-Odbierz, odbierz, odbierz.... - mówiłaś do siebie gdy dzwoniłaś do Zayna. Nie odbierał już po raz trzeci, więc zaczynałaś się martwić. Pierwszy raz bałaś się tak bardzo. W końcu był z Monicą, z którą niegdyś "tylko raz" spał. -Kurwa ! - rzuciłaś telefonem na łóżko, gdy odezwała się sekretarka. W tym samym czasie do pokoju wszedł Zayn. Gdy odwróciłaś się w jego stronę, byłaś niezmiernie szczęśliwa, ale jednocześnie zła.
-Spokojnie, spokojnie. - zaśmiał się i podszedł do ciebie - Co się dzieje ? - pocałował cię w skroń, kładąc dłoń na twoich plecach.
Skrzyżowałaś ręce na piersi i przewróciłaś oczami.
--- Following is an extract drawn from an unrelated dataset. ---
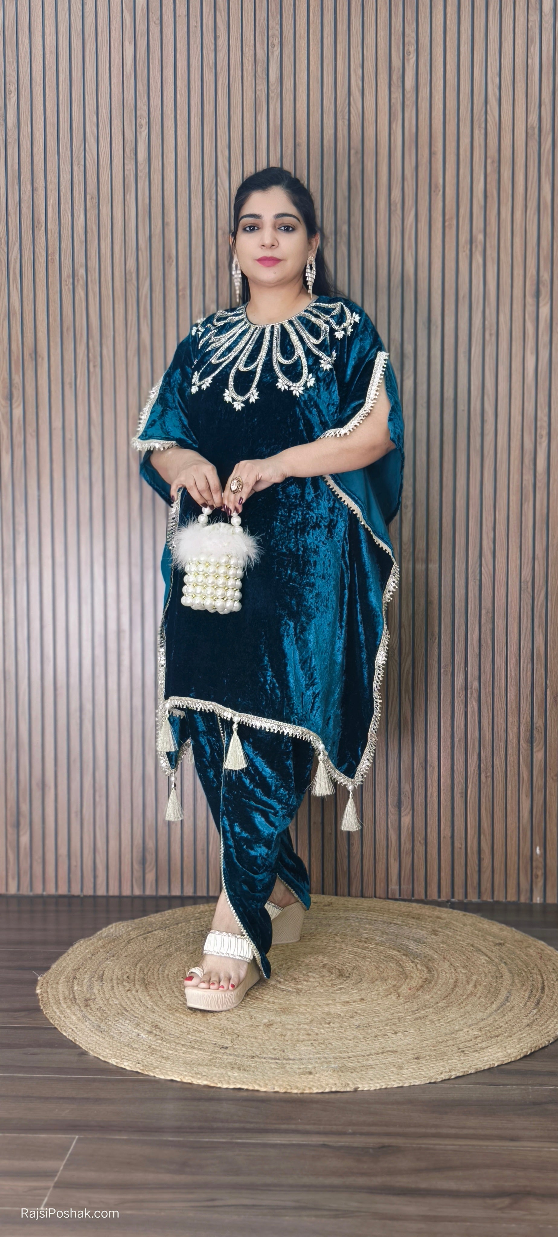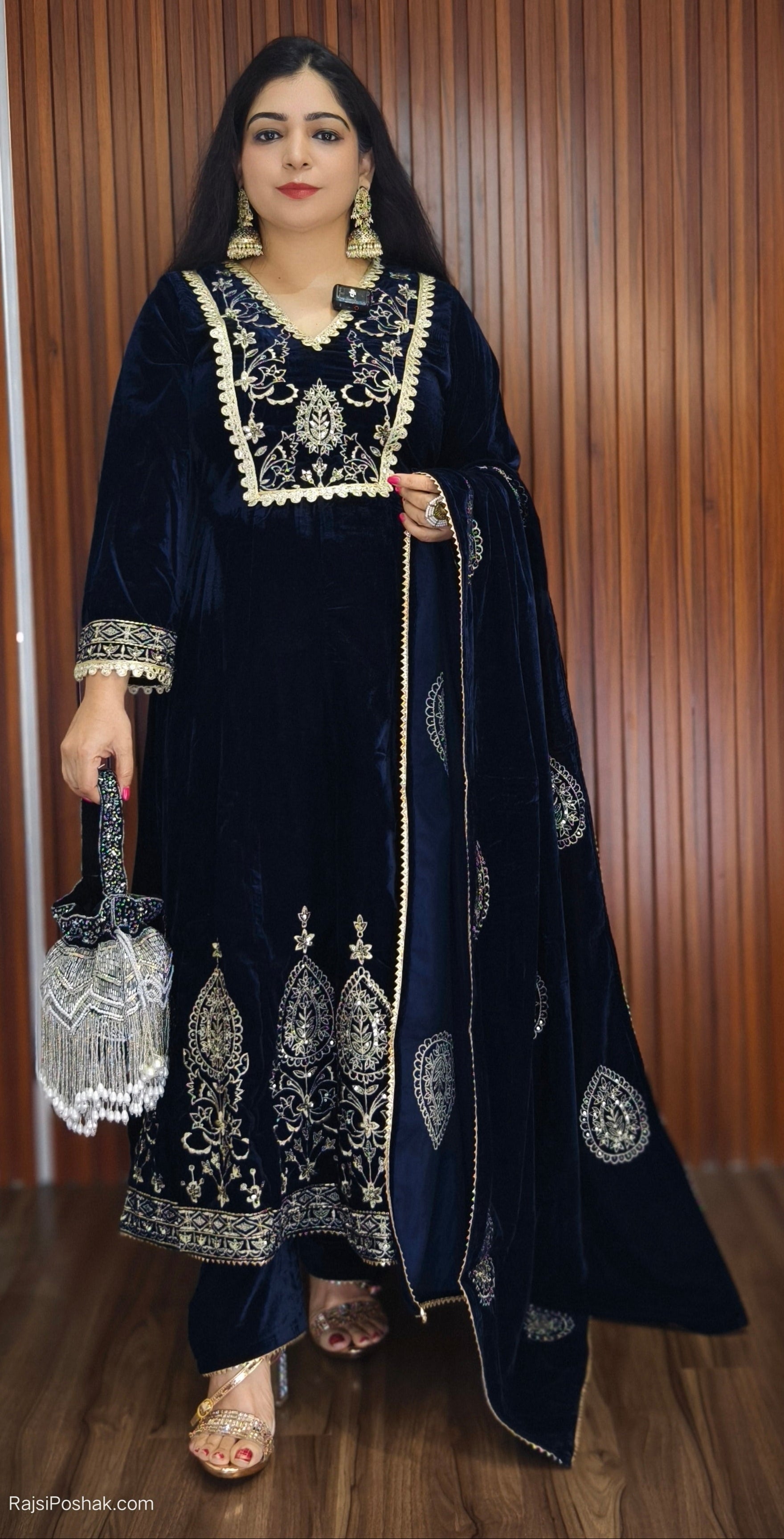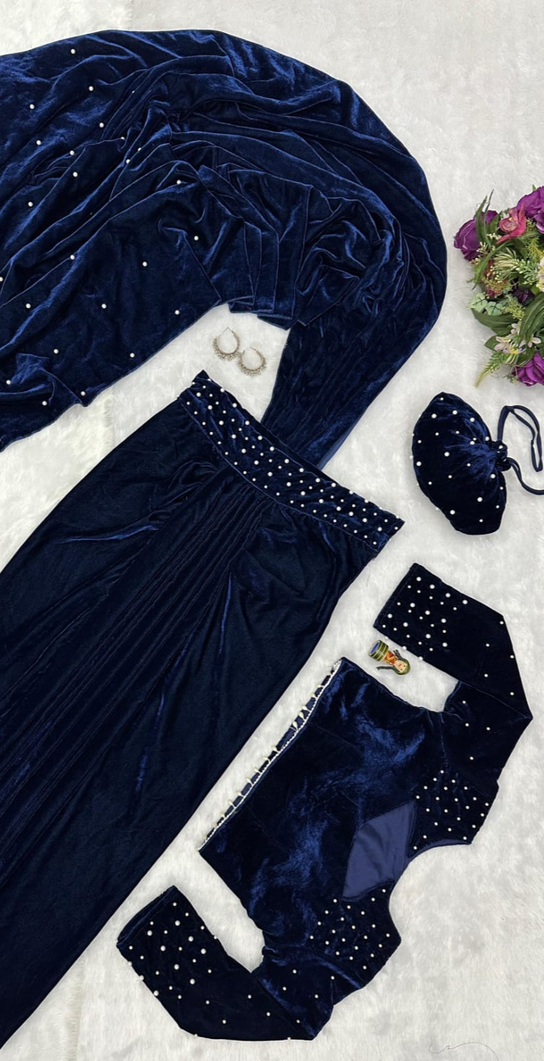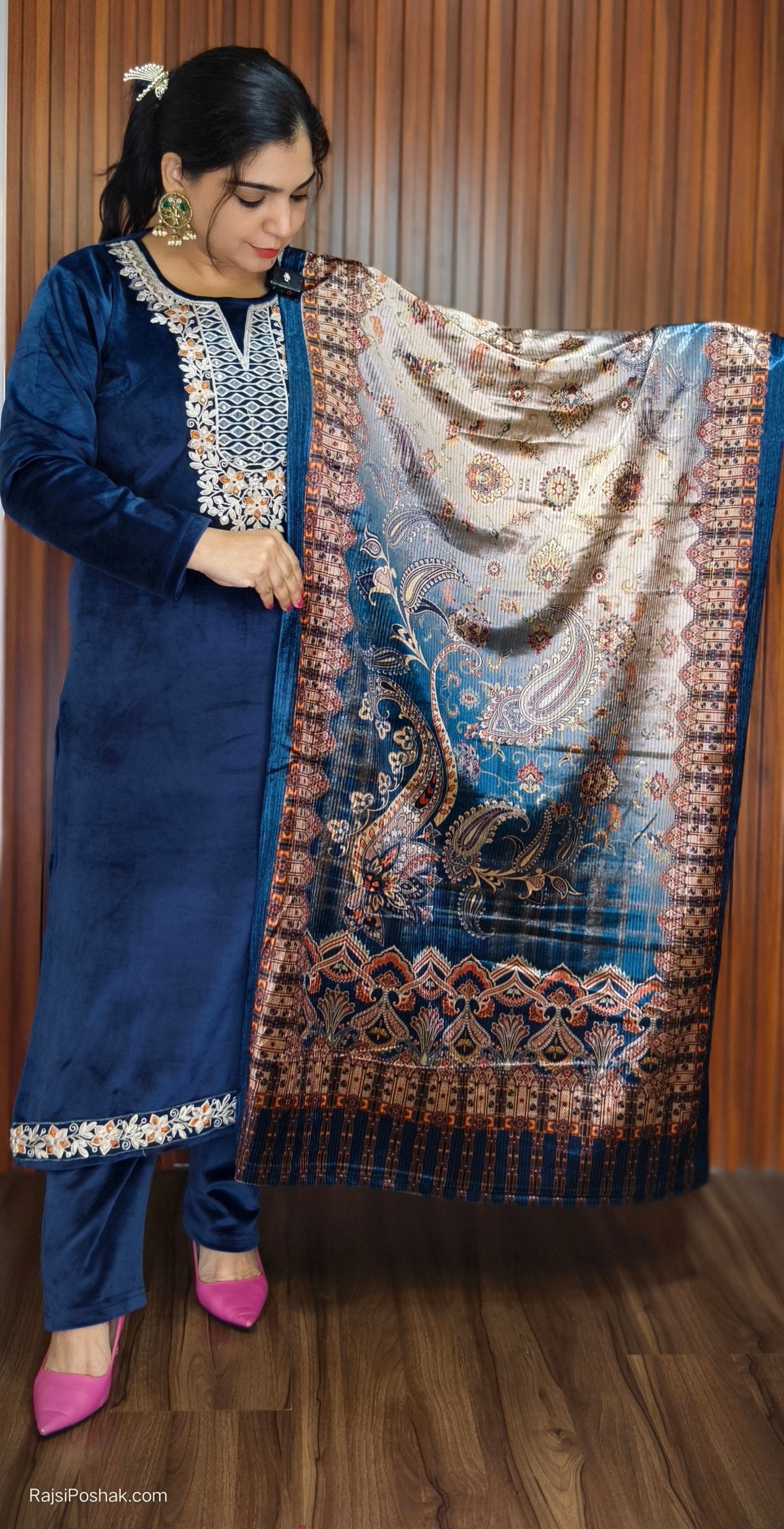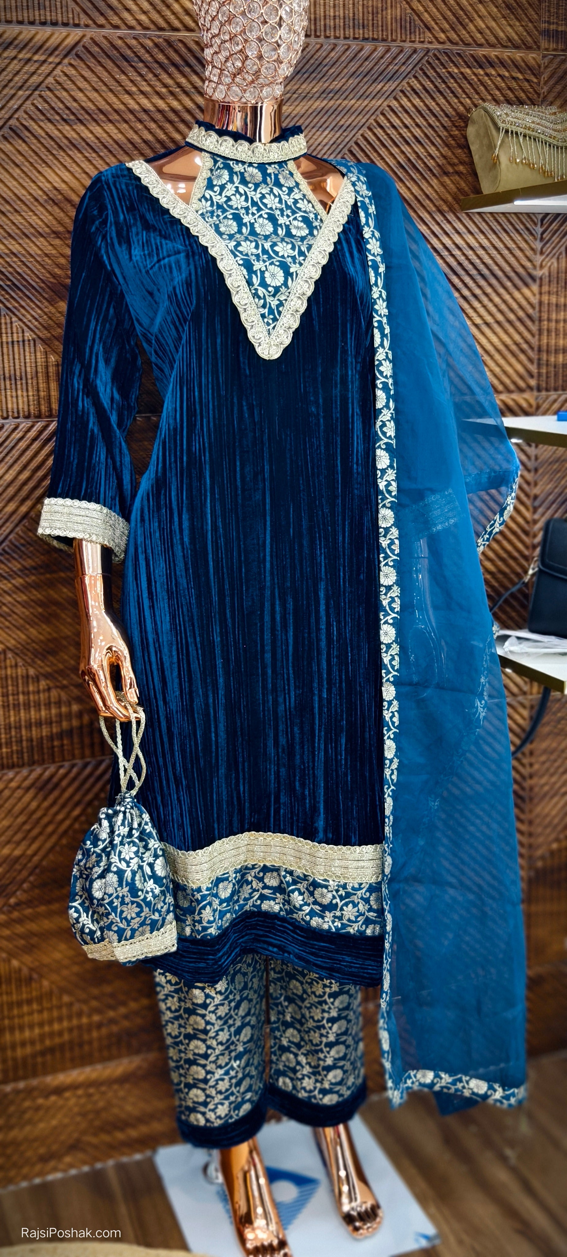 RAMA BLUE AND MAROON SYTLISH VELVET COORDSET WITH NECK EMBROIDERY AND POTLI

-Hm ? - musnął nosem twój policzek - Kochanie, powiedz mi.
-Może ty zaczniesz ?
-Ale co ?
-Gdzie do cholery byłeś ?! Dlaczego nie odbierasz moich telefonów ?! Dzwoniłam do ciebie ze sto razy ! - krzyczałaś.
Chłopak zamarł gdy zobaczył twój gniew. Wziął do ręki telefon i spojrzał na wyświetlacz.
-Rozładował się. - wzruszył spokojne ramionami. - I po co ta złość ?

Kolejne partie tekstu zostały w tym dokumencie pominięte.